▶ _YOUR TASK_:
Omit the pictures and return exactly the stretch of the material below from the line with "Building for the" through the line with "Some pictures from".

▶ _MATERIAL SHOWN_:
——————————

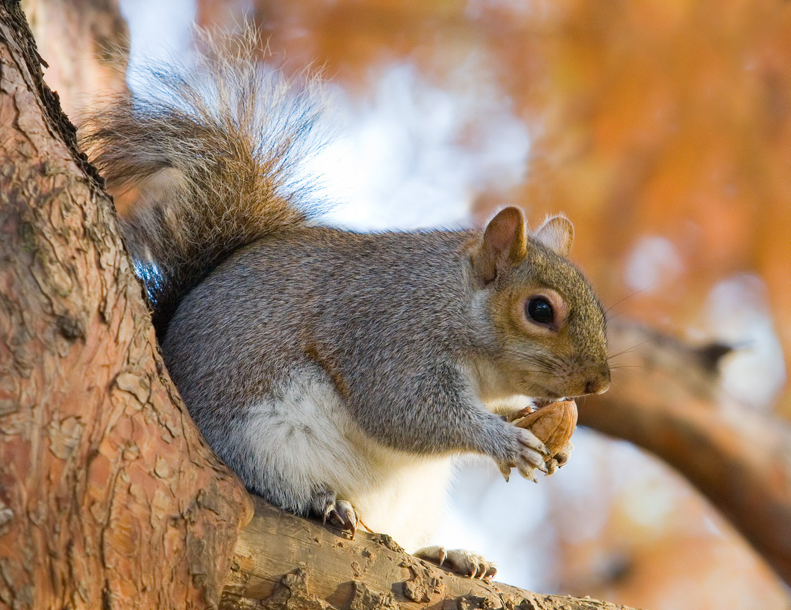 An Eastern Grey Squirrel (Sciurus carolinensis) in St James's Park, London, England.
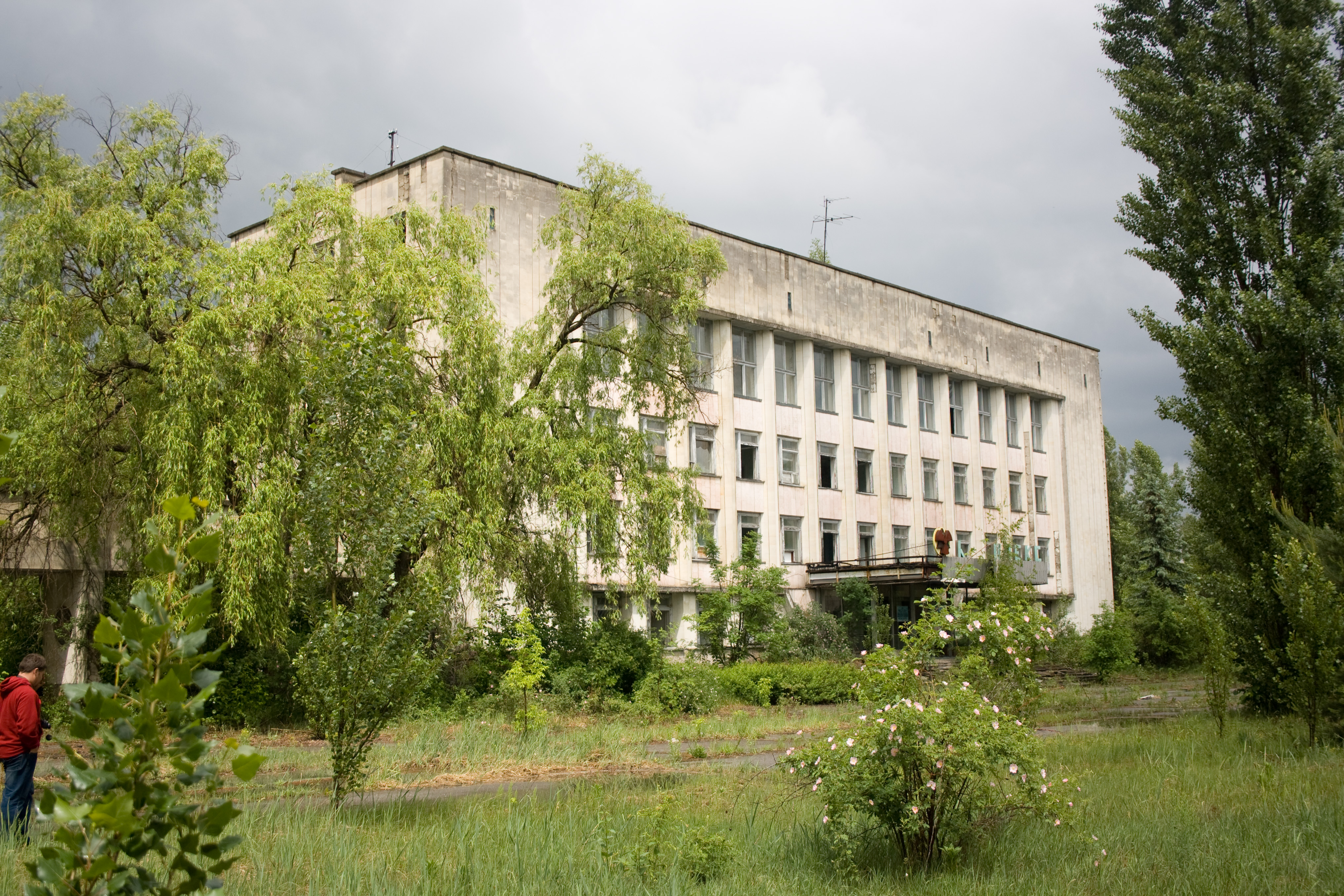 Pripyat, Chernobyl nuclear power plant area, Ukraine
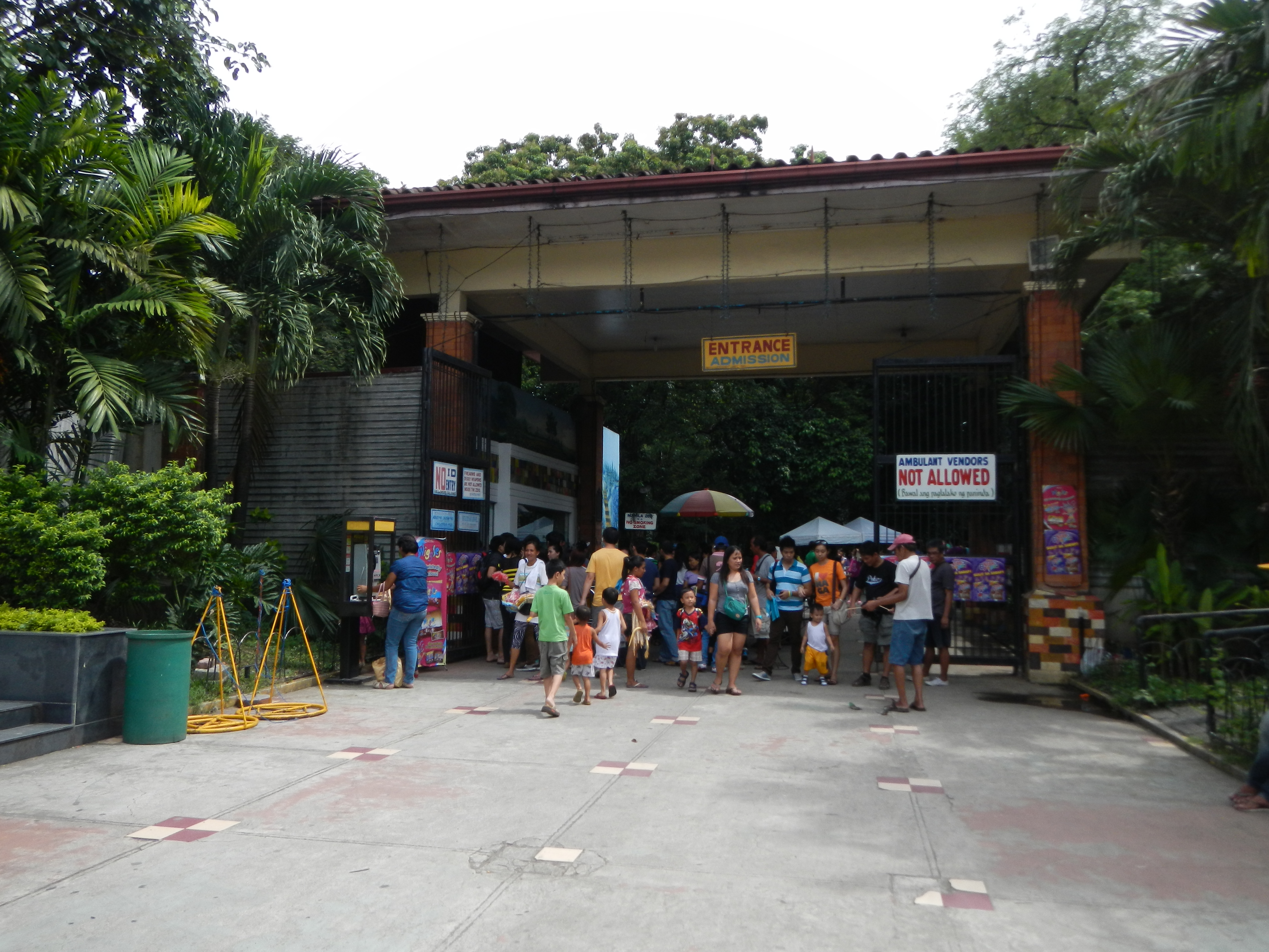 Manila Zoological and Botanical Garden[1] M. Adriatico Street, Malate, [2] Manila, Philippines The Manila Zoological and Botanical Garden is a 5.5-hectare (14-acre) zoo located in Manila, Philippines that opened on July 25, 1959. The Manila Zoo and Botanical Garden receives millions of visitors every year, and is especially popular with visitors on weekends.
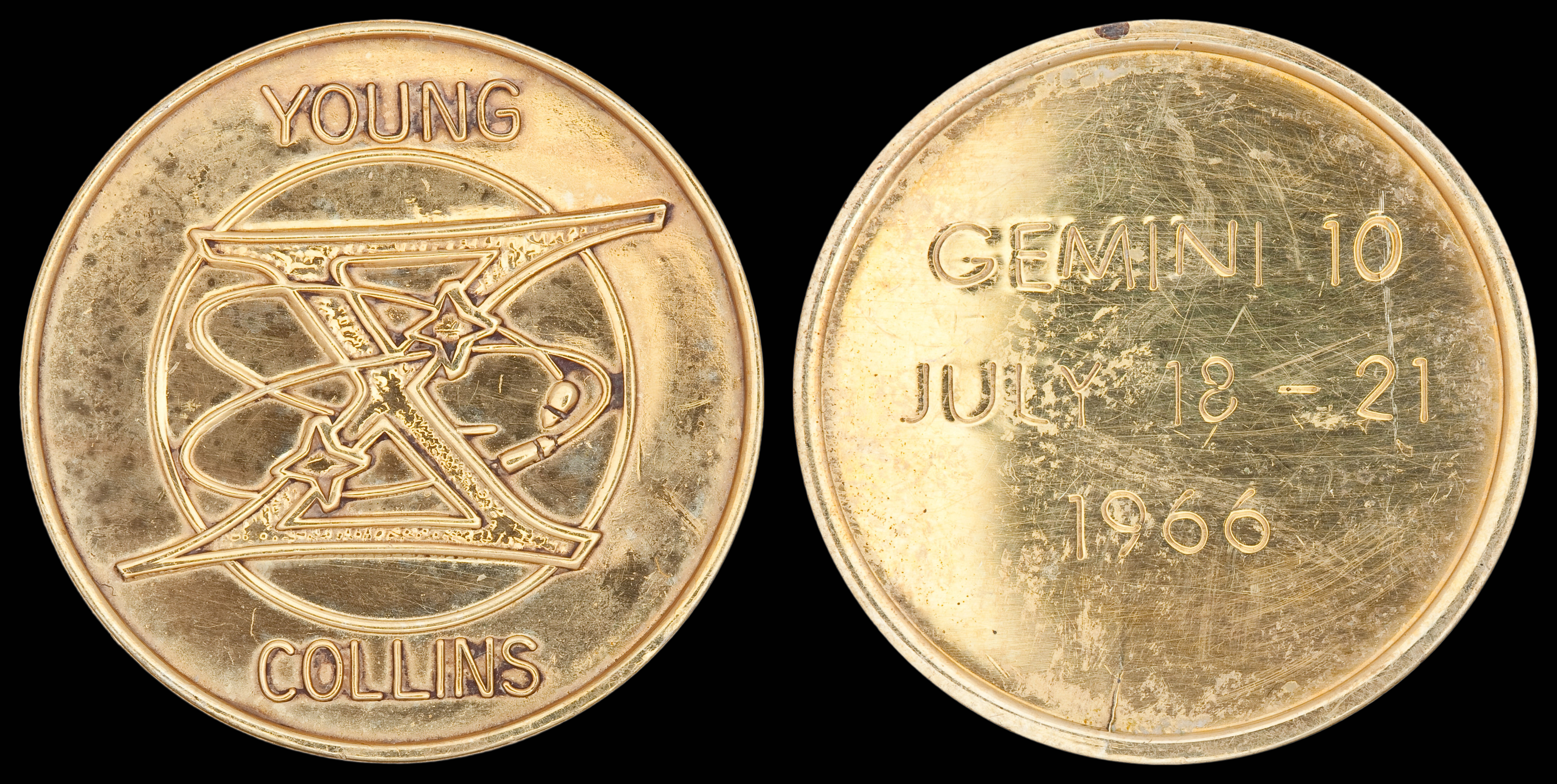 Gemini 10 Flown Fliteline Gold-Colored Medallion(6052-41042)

——————————

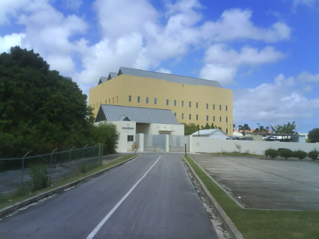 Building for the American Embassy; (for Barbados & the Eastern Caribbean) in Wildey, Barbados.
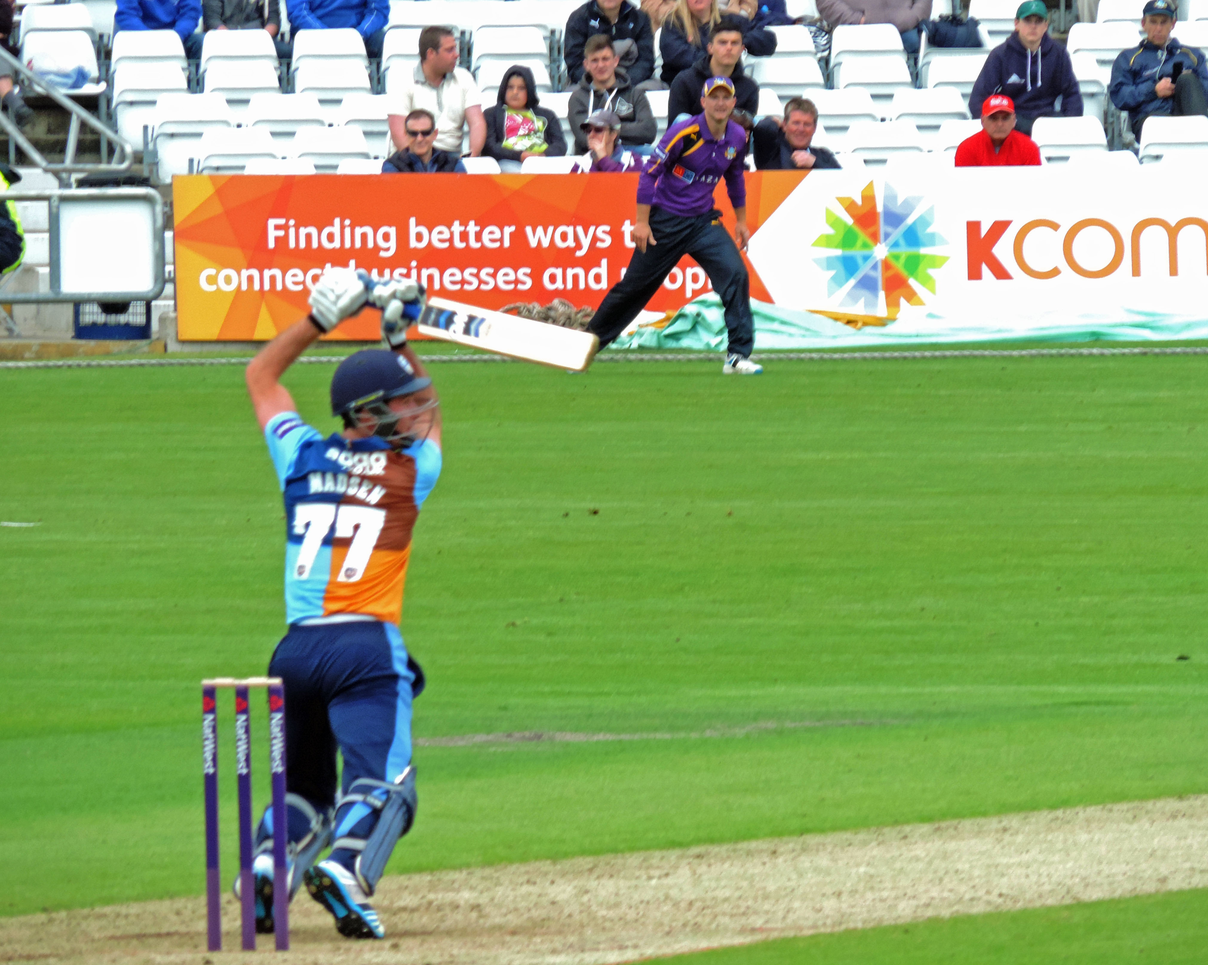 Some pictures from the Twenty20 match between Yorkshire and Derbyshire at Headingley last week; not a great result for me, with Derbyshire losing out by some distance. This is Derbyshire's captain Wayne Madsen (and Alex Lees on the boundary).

——————————

▶ _SOLUTION BELOW_:
 Building for the American Embassy; (for Barbados & the Eastern Caribbean) in Wildey, Barbados.
 Some pictures from the Twenty20 match between Yorkshire and Derbyshire at Headingley last week; not a great result for me, with Derbyshire losing out by some distance. This is Derbyshire's captain Wayne Madsen (and Alex Lees on the boundary).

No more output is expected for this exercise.